Left- and Right- Kernels of Bilinear maps B:VxV->K for V.Spaces

  1. Hi, all:

    Let V be a vector space over k, and let B be a bilinear map into k,
    i.e.:

    B:VxV-->k

    Define the left-kernel of B to be the set of A in V with

    B (A,v)=0 for all v in V,

    and define the right-kernel similarly.

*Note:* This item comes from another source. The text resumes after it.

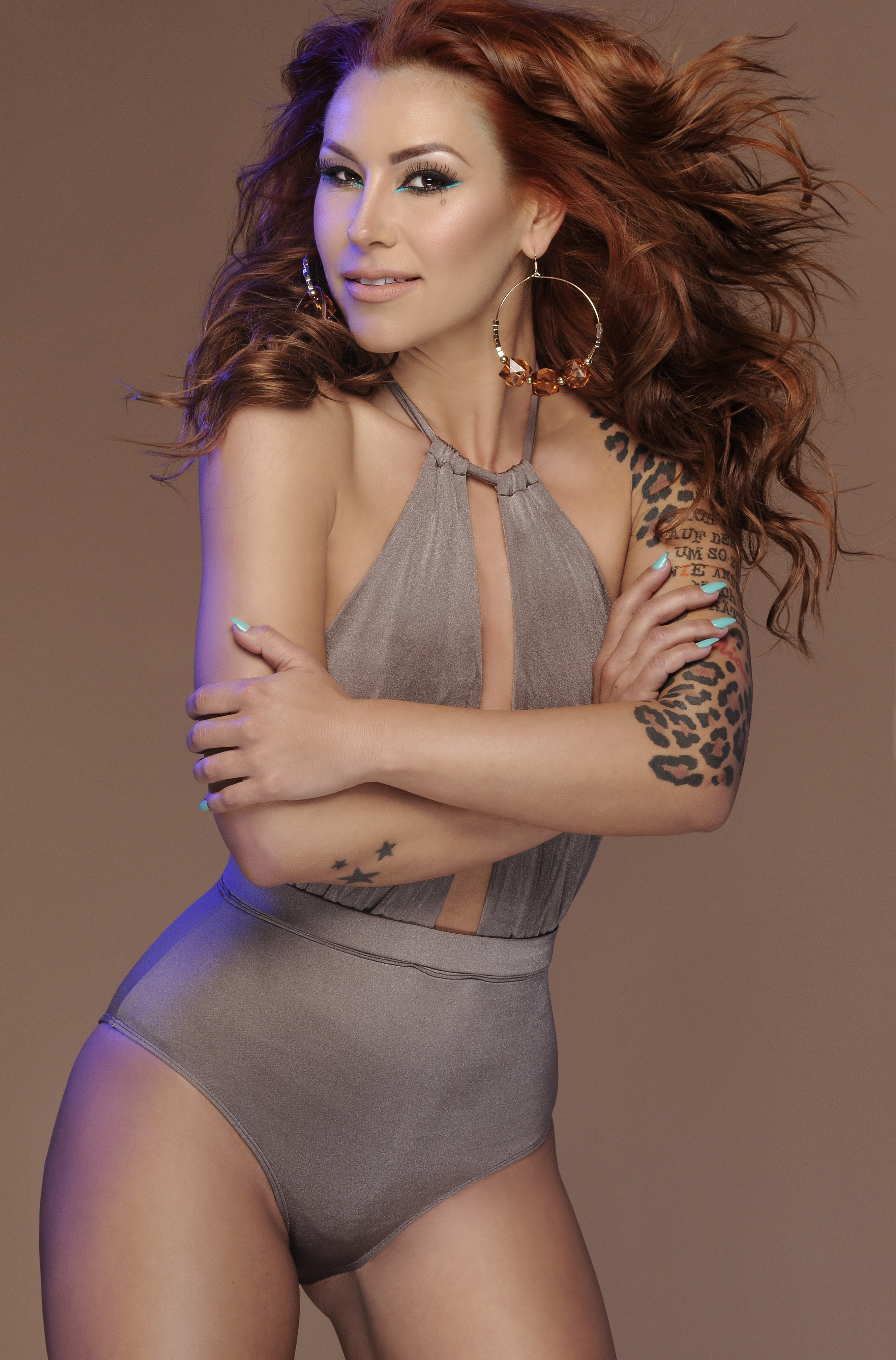 Tiger Kirchharz, dancer, choreographer, film actor, model

    Question: what relation is there between the two kernels , as subspaces
    of V?

    I am pretty sure the answer has to see with the tensor product V(x)V;

    but I am not sure of how to express the dual of VxV in terms of the tensor

    product. Any ideas?

    Thanks.
     
  2. jcsd
  3. Unfortunately, the quote function is not working well, so I will
    improvise. Let n be the dimension of V, so that Dim(VxV)=2n
    and Dim(V(x)V)=n^2

    I know that the element B' in V(x)V , corresponding to the
    bilinear map B : VxV-->k , is a linear functional in V(x)V, and so
    the kernel of B' has codimension 1, or, equivalently, dimension
    n^2-1 in B(x)B.

    But I don't know any properties of kernels of bilinear maps, and
    I don't know if there is a way of somehow pulling back the kernel
    of B' back into the kernel of B in VxV.

    Anyway, I'll keep trying. Any Advice Appreciated.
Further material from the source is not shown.